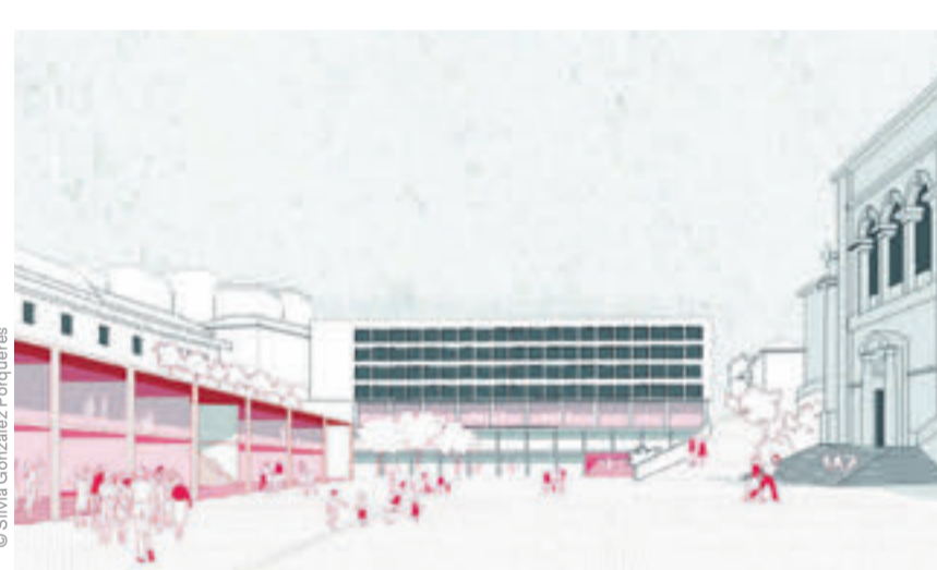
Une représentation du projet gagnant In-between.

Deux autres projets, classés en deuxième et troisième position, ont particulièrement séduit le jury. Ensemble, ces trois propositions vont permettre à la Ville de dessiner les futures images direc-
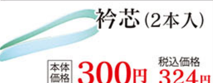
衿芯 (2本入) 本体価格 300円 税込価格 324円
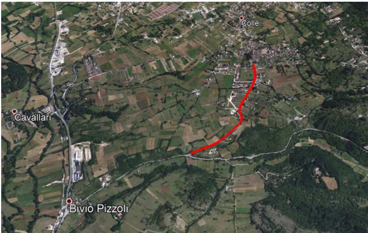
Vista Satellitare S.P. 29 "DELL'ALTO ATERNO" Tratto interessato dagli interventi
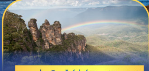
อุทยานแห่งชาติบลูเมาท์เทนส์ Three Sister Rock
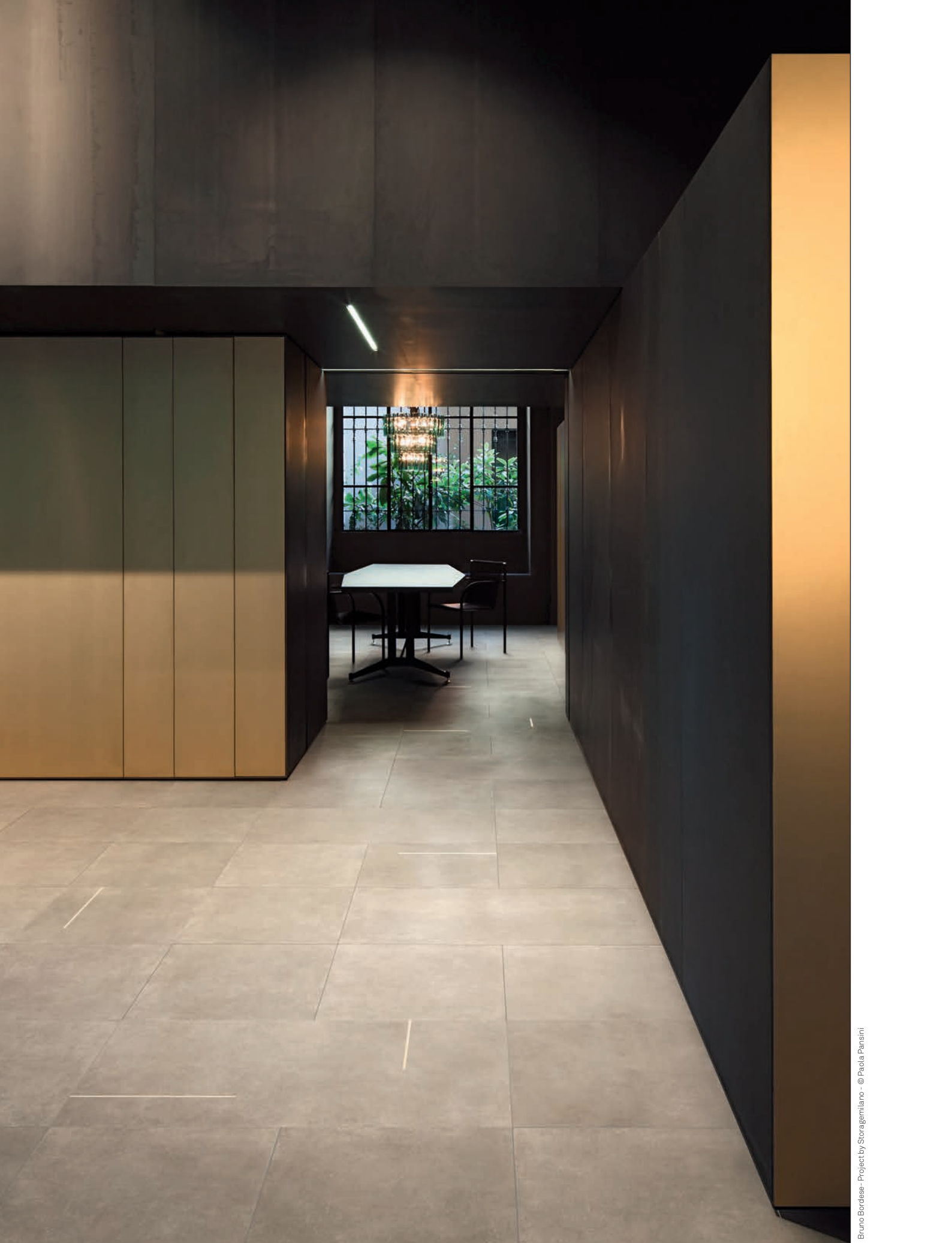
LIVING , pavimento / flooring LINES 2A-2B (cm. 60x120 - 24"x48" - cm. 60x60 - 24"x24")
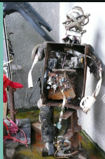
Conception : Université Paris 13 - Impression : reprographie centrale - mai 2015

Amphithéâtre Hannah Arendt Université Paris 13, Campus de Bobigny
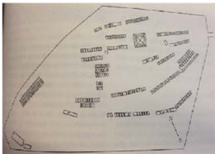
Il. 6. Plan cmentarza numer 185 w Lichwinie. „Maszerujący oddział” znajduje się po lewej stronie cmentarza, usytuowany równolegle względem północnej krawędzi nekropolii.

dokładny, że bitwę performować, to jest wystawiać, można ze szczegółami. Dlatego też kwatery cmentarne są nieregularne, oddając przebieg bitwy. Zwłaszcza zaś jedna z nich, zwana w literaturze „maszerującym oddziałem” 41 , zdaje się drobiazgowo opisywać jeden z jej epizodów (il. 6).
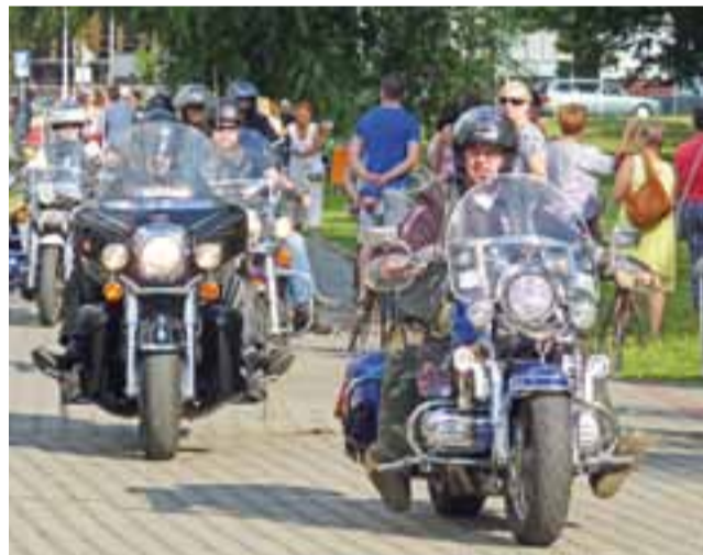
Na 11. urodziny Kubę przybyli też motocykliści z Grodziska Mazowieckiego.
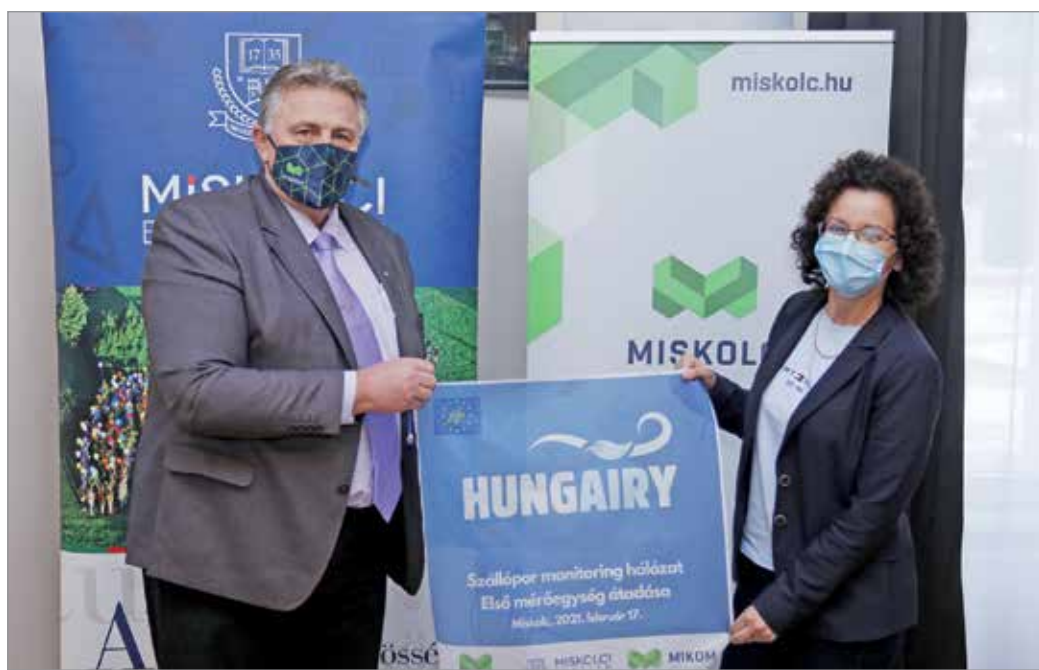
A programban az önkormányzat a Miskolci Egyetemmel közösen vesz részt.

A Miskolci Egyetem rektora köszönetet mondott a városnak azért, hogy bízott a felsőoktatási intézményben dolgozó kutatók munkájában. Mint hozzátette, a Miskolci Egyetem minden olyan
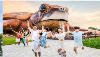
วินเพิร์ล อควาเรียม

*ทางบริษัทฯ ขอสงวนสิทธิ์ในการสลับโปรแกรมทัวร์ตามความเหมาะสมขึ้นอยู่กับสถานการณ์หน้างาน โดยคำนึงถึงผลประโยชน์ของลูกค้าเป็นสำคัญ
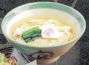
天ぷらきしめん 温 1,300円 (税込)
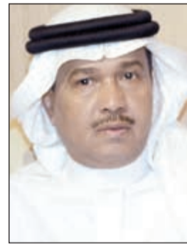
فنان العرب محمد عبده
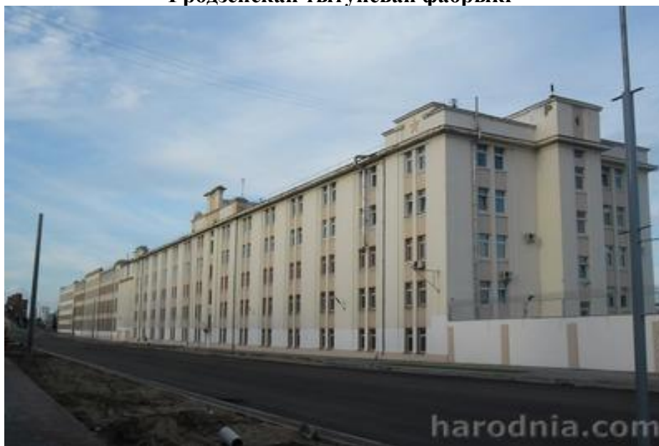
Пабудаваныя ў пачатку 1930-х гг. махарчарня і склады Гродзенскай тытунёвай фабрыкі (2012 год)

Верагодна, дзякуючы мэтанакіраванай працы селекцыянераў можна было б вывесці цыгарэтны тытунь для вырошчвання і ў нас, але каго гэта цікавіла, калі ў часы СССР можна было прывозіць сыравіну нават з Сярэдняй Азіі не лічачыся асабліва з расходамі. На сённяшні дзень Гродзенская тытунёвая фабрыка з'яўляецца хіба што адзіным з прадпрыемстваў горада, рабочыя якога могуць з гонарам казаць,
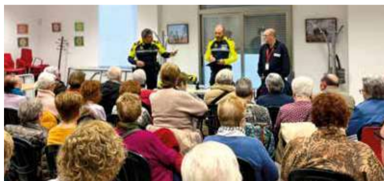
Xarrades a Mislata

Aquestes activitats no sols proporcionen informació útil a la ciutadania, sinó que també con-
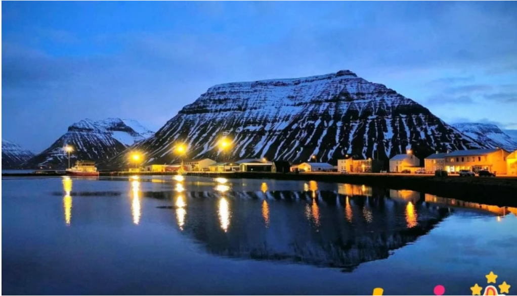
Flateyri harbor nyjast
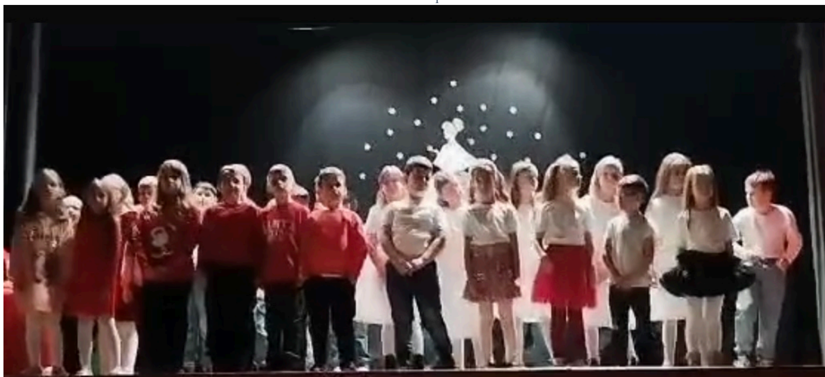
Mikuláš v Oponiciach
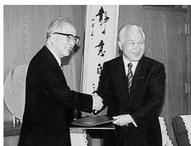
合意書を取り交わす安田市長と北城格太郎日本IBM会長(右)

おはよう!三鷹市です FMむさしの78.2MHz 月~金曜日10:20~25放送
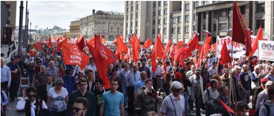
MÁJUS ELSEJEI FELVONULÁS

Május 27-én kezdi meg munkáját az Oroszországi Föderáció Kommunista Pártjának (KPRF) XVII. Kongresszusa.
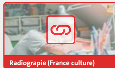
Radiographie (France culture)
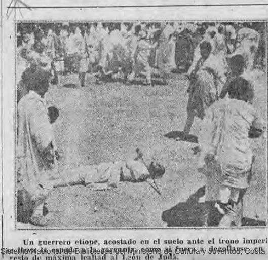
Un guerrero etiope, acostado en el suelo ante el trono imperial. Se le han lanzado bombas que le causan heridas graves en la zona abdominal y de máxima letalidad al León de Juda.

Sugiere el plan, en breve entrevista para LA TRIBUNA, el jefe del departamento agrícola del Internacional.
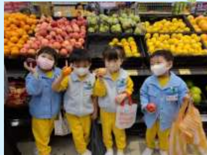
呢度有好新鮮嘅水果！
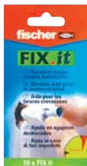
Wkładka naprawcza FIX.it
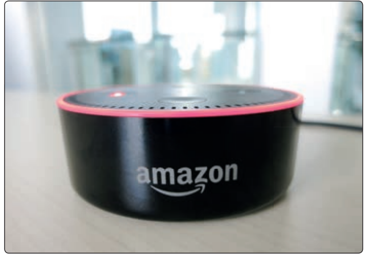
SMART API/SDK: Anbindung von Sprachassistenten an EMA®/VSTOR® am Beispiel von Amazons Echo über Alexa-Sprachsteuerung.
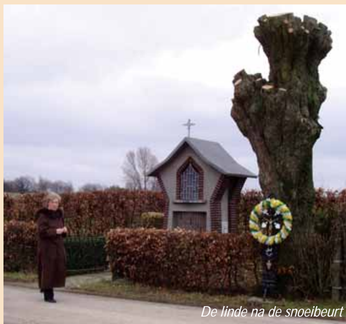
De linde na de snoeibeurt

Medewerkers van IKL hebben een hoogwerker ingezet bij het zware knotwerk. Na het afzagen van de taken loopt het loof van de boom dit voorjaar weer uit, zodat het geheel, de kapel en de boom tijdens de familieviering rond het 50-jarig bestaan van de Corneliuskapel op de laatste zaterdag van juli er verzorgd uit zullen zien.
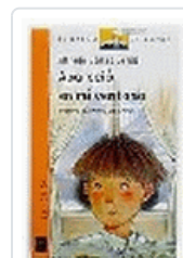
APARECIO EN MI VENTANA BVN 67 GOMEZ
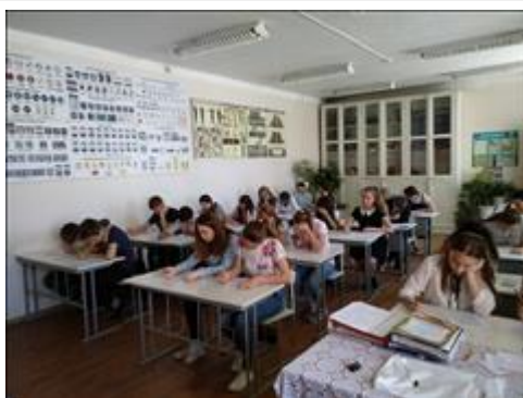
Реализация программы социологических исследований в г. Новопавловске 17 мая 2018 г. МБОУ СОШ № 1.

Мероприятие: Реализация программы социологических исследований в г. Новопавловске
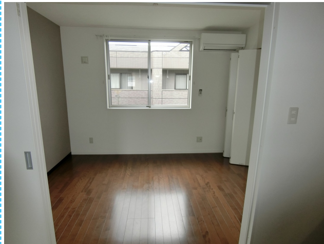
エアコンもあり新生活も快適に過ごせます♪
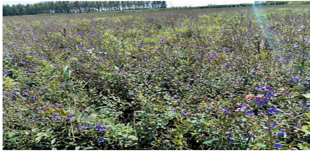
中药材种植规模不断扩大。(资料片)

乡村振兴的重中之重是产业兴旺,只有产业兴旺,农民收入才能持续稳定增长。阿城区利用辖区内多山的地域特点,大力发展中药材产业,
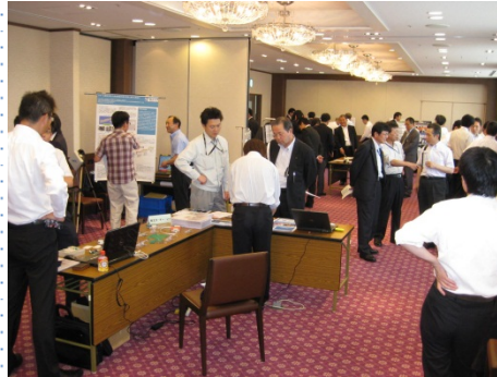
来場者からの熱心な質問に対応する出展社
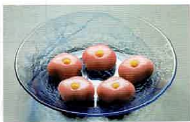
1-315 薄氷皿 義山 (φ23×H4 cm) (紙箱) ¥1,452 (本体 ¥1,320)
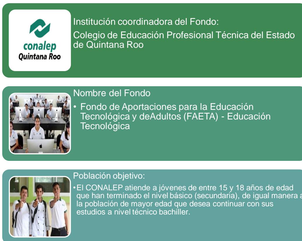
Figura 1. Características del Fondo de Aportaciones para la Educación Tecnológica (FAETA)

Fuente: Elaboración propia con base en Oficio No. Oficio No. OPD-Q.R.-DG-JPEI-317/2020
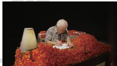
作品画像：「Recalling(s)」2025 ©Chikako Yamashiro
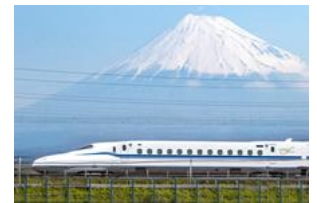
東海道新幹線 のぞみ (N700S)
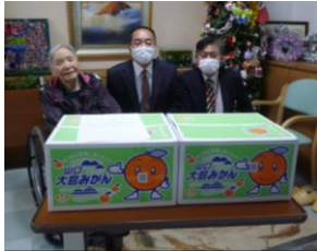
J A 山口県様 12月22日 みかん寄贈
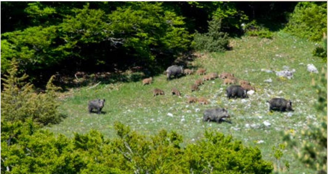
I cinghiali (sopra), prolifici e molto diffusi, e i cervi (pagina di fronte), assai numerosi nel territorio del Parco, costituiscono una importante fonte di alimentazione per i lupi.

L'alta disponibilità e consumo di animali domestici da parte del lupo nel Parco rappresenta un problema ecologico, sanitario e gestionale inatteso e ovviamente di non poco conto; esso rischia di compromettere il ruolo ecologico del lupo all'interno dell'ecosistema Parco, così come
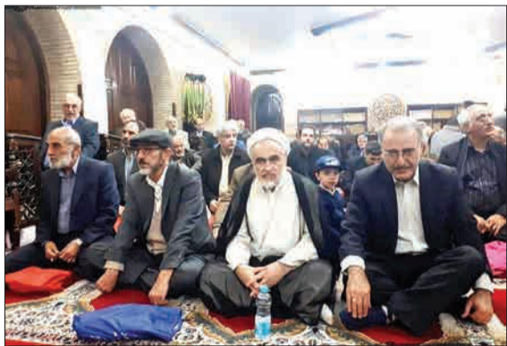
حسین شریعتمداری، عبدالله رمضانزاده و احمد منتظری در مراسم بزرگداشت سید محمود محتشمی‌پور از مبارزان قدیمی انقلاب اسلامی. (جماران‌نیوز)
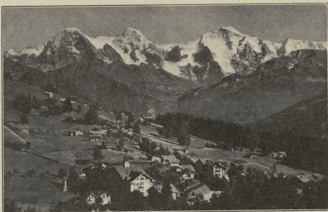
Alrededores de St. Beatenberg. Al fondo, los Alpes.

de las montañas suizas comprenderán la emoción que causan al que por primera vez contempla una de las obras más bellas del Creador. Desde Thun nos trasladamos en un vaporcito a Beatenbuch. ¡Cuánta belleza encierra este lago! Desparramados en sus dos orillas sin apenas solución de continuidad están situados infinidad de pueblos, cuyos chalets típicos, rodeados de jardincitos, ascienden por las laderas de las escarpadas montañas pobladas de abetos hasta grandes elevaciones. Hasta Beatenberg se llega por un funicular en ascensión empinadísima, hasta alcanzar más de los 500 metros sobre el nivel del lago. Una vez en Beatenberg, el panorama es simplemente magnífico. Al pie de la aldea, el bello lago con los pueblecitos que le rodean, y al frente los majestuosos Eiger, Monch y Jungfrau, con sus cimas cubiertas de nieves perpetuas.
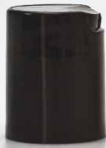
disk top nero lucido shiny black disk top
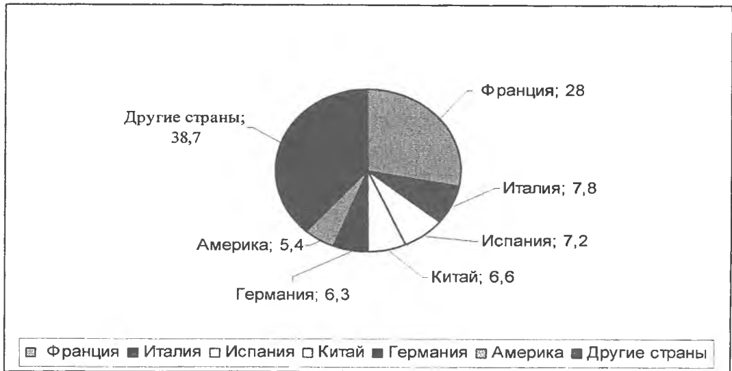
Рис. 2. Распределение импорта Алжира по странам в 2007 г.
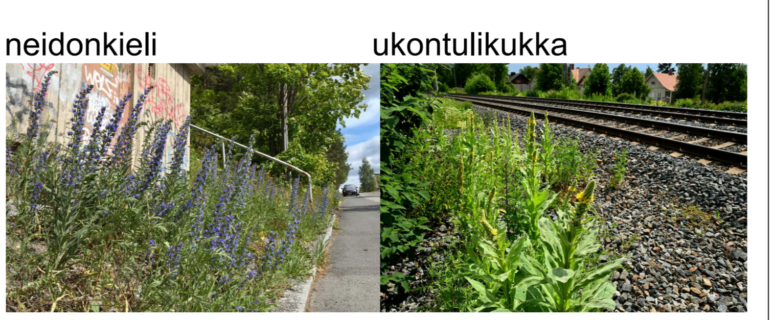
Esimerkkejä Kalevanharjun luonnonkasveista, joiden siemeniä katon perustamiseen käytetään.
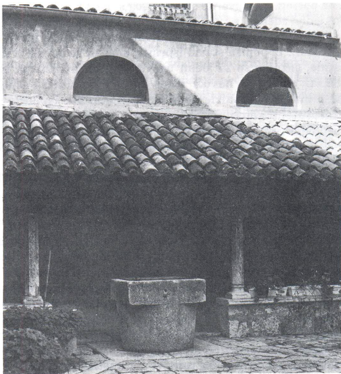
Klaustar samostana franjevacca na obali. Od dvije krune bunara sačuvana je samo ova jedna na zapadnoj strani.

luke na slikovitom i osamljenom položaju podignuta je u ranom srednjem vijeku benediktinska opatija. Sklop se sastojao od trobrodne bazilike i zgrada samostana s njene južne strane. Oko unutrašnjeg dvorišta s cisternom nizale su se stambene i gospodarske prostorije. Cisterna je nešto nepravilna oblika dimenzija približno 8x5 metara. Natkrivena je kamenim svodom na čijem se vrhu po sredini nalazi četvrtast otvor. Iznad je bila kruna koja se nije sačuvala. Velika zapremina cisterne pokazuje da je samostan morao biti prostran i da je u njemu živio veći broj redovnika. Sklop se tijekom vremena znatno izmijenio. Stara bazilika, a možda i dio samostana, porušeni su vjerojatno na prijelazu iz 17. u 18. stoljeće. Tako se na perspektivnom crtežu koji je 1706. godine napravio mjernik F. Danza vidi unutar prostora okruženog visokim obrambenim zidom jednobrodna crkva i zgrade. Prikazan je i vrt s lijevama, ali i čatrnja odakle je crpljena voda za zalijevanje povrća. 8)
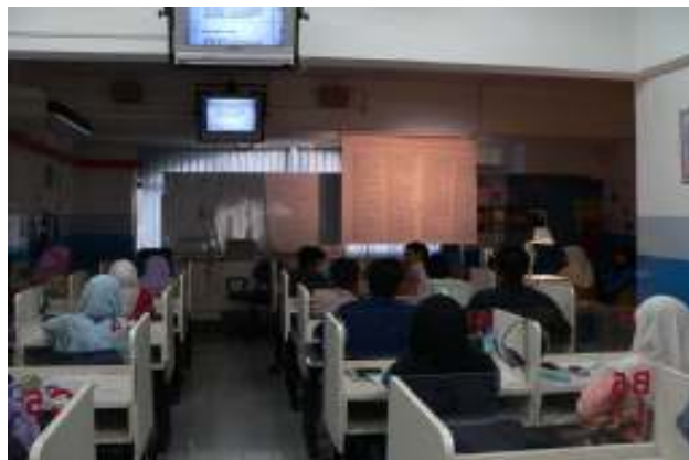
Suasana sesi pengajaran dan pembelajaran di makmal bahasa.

» **Task to carry out**
In the entries above, which lines run from the one with "MÁJUS ELSEJEI FELVONULÁS" up to and including the one with "Radiographie (France culture)"? Write them out exactly, without the pictures.

» **Exercise solution**
MÁJUS ELSEJEI FELVONULÁS

Május 27-én kezdi meg munkáját az Oroszországi Föderáció Kommunista Pártjának (KPRF) XVII. Kongresszusa.
Radiographie (France culture)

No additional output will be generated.